**DATA SECTION**
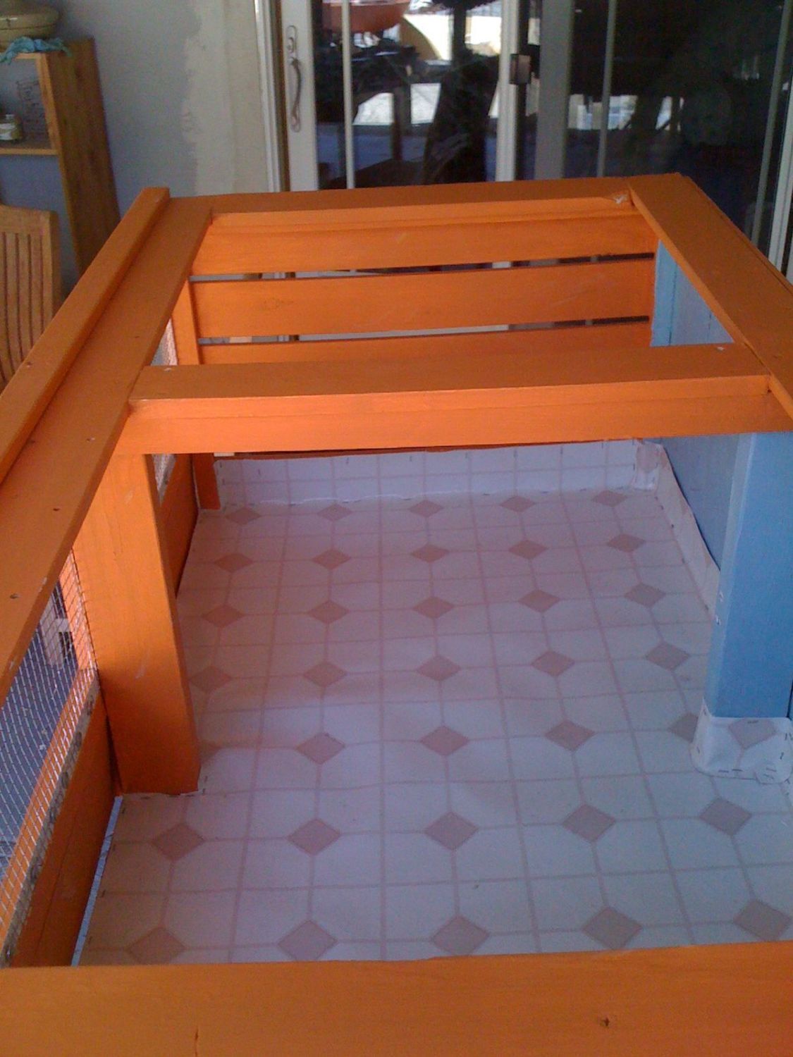 Linoleum was added further up the sides so that it covered more open spaces between the slats in the wood. I gravely underestimated how far up the chicks could kick pine shavings.
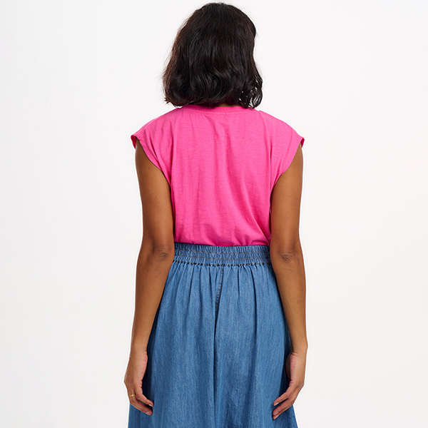 Esta camiseta con mangas a la sisa , tiene corte oversize y escote en pico. Con un bonito bordado en el delantero sobre fondo fucsia está hecha 100% algodón orgánico. Perfecta para combinar con vaqueros, shorts o faldas, para una tarde de cine, compras o reunión improvisada con tus amigas.
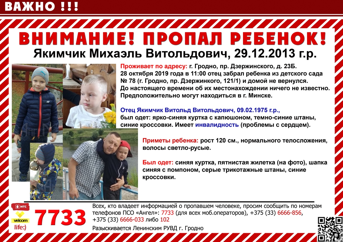 Нагадаем, 28 кастрычніка каля 11 гадзін дня дзіця з дзіцячага садка №78, што на праспекце Дзяржынскага, 121/1, забраў і павёў у невядомым накірунку яго бацька Вітольд Якімчык. Дадому яны так і не вярнуліся. Відавочных зачэпак пра месцазнаходжанне мужчыны і дзіцяці таксама няма. Яны могуць знаходзіцца ў любым пункце краіны. Родныя хвалююцца яшчэ і таму, што хлопчык застаўся з бацькам, у якога праблемы з сэрцам. Мужчына мае інваліднасць другой групы.
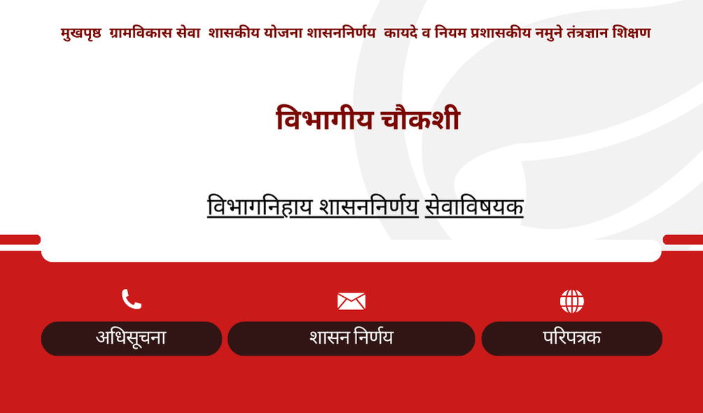 सुचना सदर वेबसाईट ही कर्मचारी-अधिकारी यांना दैनदीन कामकाजात आस्थापना विषयक, लेखाविषयक, योजनांची माहिती, ज्ञान प्राप्त व्हावे व दैंनदिन कामकाजात अचूक वापर करून शासन निर्देशां नुसार अचूक अंमलबजावणी करता यावीया उद्देशाने निर्मीत केलेली आहे.

**EXERCISE PROMPT**
Each line from the one containing "Нагадаем, 28 кастрычніка" through the last line of the listing is to be given again exactly, with no pictures and no other lines.

**RESPONSE AREA**
 Нагадаем, 28 кастрычніка каля 11 гадзін дня дзіця з дзіцячага садка №78, што на праспекце Дзяржынскага, 121/1, забраў і павёў у невядомым накірунку яго бацька Вітольд Якімчык. Дадому яны так і не вярнуліся. Відавочных зачэпак пра месцазнаходжанне мужчыны і дзіцяці таксама няма. Яны могуць знаходзіцца ў любым пункце краіны. Родныя хвалююцца яшчэ і таму, што хлопчык застаўся з бацькам, у якога праблемы з сэрцам. Мужчына мае інваліднасць другой групы.
 सुचना सदर वेबसाईट ही कर्मचारी-अधिकारी यांना दैनदीन कामकाजात आस्थापना विषयक, लेखाविषयक, योजनांची माहिती, ज्ञान प्राप्त व्हावे व दैंनदिन कामकाजात अचूक वापर करून शासन निर्देशां नुसार अचूक अंमलबजावणी करता यावीया उद्देशाने निर्मीत केलेली आहे.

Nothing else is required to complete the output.